What is required: All lines from the one that has "Namiot Loap Aconqua" onward to the end of the records below are to be returned exactly; pictures are to be skipped.

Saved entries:
━━━

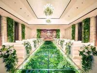 温もりと自然に溢れたグリーンバージンロードには、お花と緑が敷き詰められています。おふたりの想いやメッセージを載せたアイルランナーを敷いてオリジナリティを出すことも◎ ランウェイのように高さのあるバージンロードはドレス姿も美しく映えます。
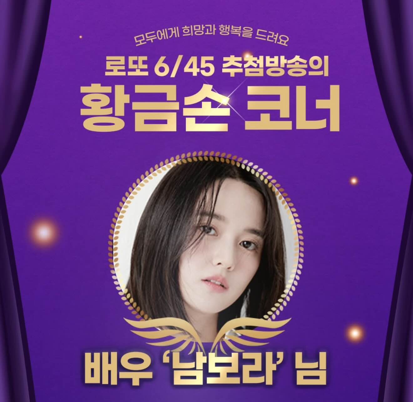 배우 남보라가 1,207회 MBC <생방송 행복드림 로또 6/45>의 ‘황금손’으로 출연한다고 합니다.
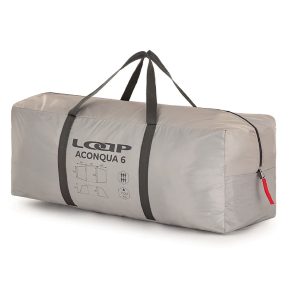 Namiot Loap Aconqua 6 Szary – rodzinny namiot 6-osobowy z 2 sypialniami i holem. Wodoodporny, trwały, z klejonymi szwami. Idealny na kemping i biwak.
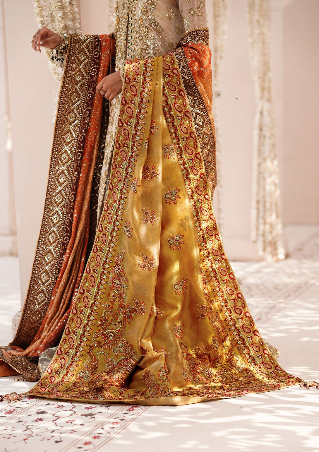 - This Indian gold shawl, crafted from traditional gold tissue, boasts a stunning multi-toned embroidered design. The heavily embroidered pallus add depth and elegance, while iconic paisley motifs repeat throughout, bringing a timeless charm to this luxurious piece.
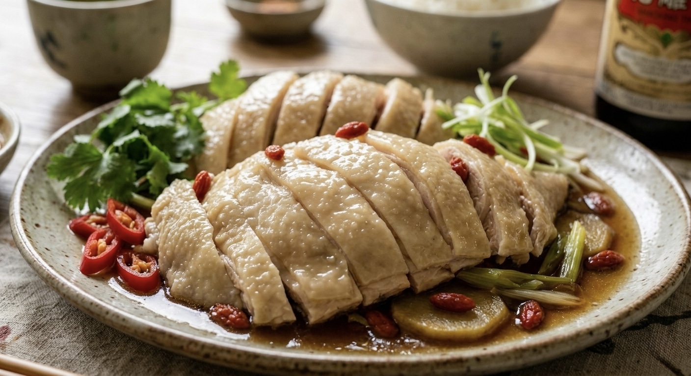 อาม่าจะใช้เนื้อไก่ส่วนน่องติดสะโพก นำไปล้างให้สะอาด ซับให้แห้ง ทาเกลือบางๆ ทิ้งไว้ 15 นาที ระหว่างรอ ตั้งหม้อต้มน้ำ ใส่ขิงบุบและต้นหอมลงไป พอน้ำเดือดให้หรี่ไฟลง ห้ามน้ำเดือดพล่านเด็ดขาด

━━━

Solution to this task:
 Namiot Loap Aconqua 6 Szary – rodzinny namiot 6-osobowy z 2 sypialniami i holem. Wodoodporny, trwały, z klejonymi szwami. Idealny na kemping i biwak.
 - This Indian gold shawl, crafted from traditional gold tissue, boasts a stunning multi-toned embroidered design. The heavily embroidered pallus add depth and elegance, while iconic paisley motifs repeat throughout, bringing a timeless charm to this luxurious piece.
 อาม่าจะใช้เนื้อไก่ส่วนน่องติดสะโพก นำไปล้างให้สะอาด ซับให้แห้ง ทาเกลือบางๆ ทิ้งไว้ 15 นาที ระหว่างรอ ตั้งหม้อต้มน้ำ ใส่ขิงบุบและต้นหอมลงไป พอน้ำเดือดให้หรี่ไฟลง ห้ามน้ำเดือดพล่านเด็ดขาด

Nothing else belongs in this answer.